The startup leadership team will feature Bob Diamond, co-founder and CEO of Atlas Merchant Capital, as chairman of the board. David Schamis, Atlas’s Chief Investment Officer and Co-founder, will become Chief Executive Officer of HSI. 

We are delighted by this opportunity to partner with Sonnet in establishing a leading crypto treasury management strategy to ultimately deliver strong value to shareholders.
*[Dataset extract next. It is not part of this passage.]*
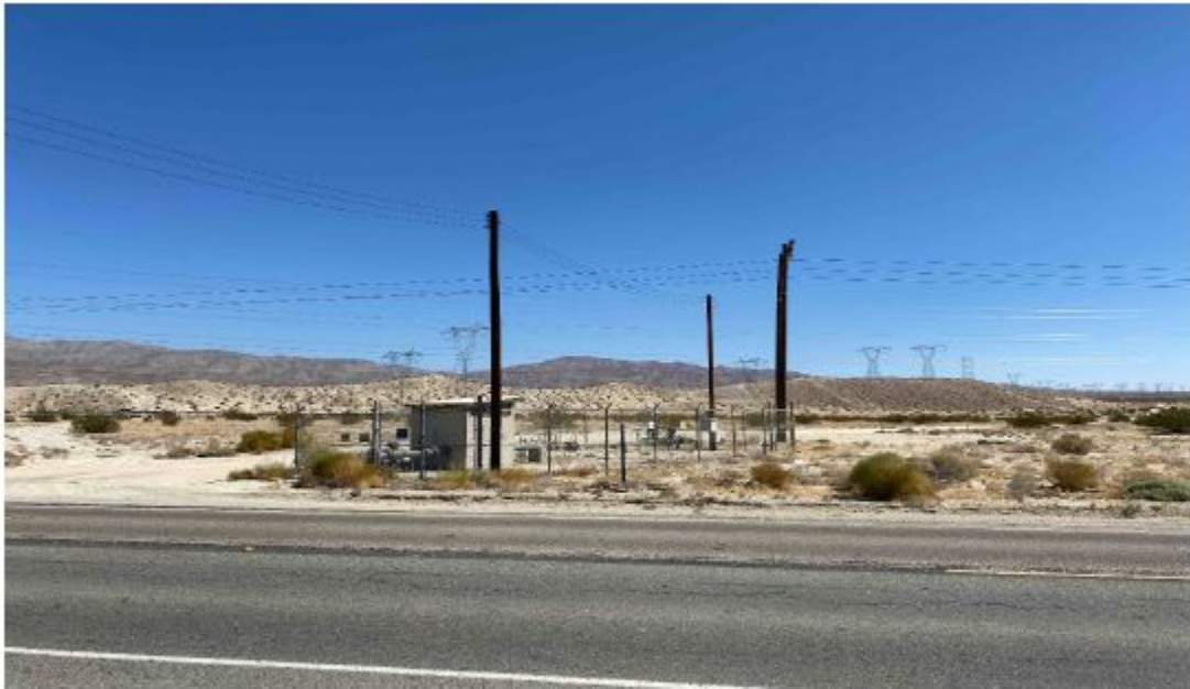
Photograph 5. View of existing SoCalGas facility facing east across Dillon Road. October 2, 2020.

We believe HYPE and the Hyperliquid protocol represent a truly differentiated offering within the digital asset space,” incoming board executive Diamond said in a press conference on Monday. 

A new Chief Financial Officer is expected to be named soon, while the board will expand to include Eric Rosengren, former President of the Boston Federal Reserve, and two of Sonnet’s existing independent directors.

At the time of closing, HSI will also enter into a Sponsor Advisory Agreement (SAA) with Rorschach to expand the business by adding HYPE into the treasury.

Capital raised and private placement details

Concurrent with the signing of the BCA, Sonnet is raising $5.5 million in a private placement to accredited investors. The technology company is issuing non-voting convertible preferred stock and warrants to purchase common stock. The placement is expected to close later on today.

An additional $2 million in convertible notes issued by Sonnet in June 2025 will convert into preferred stock and warrants as part of the same transaction. Net proceeds from these offerings will be used for general corporate purposes, including the development of existing biotech assets and expenses related to the Business Combination.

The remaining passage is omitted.